Published: 22 August 2005



The identification of promoter regions that are regulated by a given transcription factor has traditionally relied upon the identification and distributions of binding sites recognized by the factor. In this study, we have developed a tandem machine learning approach for the identification of regulatory target genes based on these parameters and on the corresponding binding site information contents that measure the affinities of the factor for these cognate elements.

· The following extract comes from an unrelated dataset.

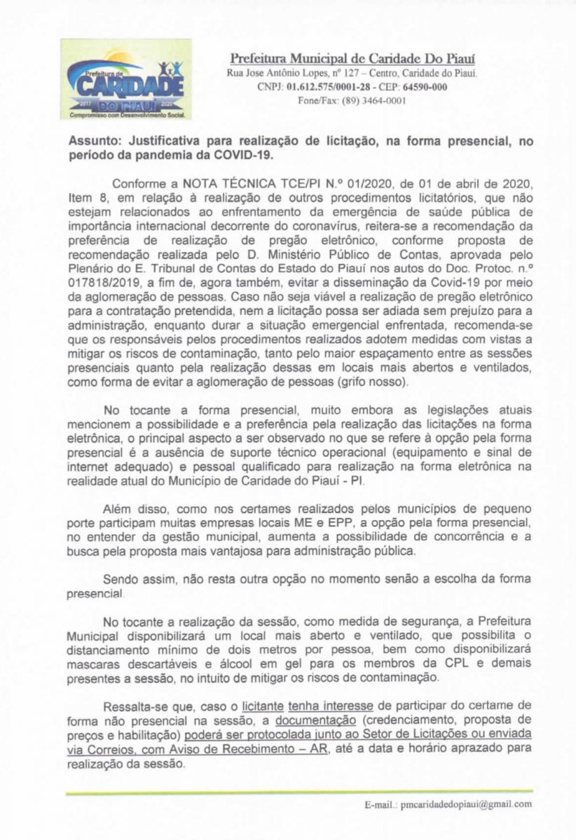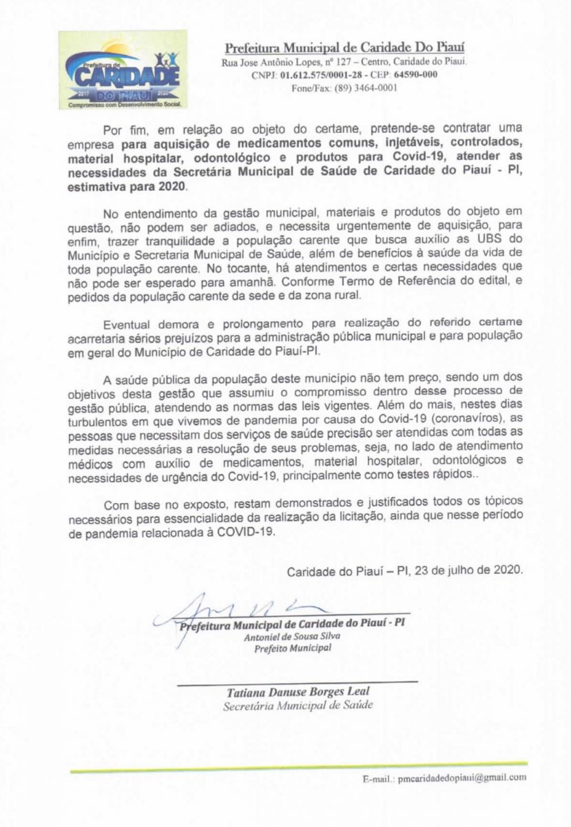 OBJETO DA LICITAÇÃO: LICITAÇÃO PARA A CONTRATAÇÃO DE EMPRESA PARA AQUISIÇÃO DE MEDICAMENTOS COMUNS, INJETÁVEIS, CONTROLADOS E MATERIAL HOSPITALAR E ODONTOLÓGICO E PRODUTOS PARA COVID-19, ATENDER A SECRETARIA MUNICIPAL DE SAÚDE DE CARIDADE DO PIAUÍ/PI.

This method has been validated using models of DNA binding sites recognized by the xenobiotic-sensitive nuclear receptor, PXR/RXRα, for target genes within the human genome. An information theory-based weight matrix was first derived and refined from known PXR/RXRα binding sites. The promoter region of candidate genes was scanned with the weight matrix. A novel information density-based clustering algorithm was then used to identify clusters of information rich sites. Finally, transformed data representing metrics of location, strength and clustering of binding sites were used for classification of promoter regions using an ensemble approach involving neural networks, decision trees and Naïve Bayesian classification. The method was evaluated on a set of 24 known target genes and 288 genes known not to be regulated by PXR/RXRα. We report an average accuracy (proportion of correctly classified promoter regions) of 71%, sensitivity of 73%, and specificity of 70%, based on multiple cross-validation and the leave-one-out strategy. The performance on a test set of 13 genes showed that 10 were correctly classified.


We have developed a machine learning approach for the successful detection of gene targets for transcription factors with high accuracy. The method has been validated for the transcription factor PXR/RXRα and has the potential to be extended to other transcription factors.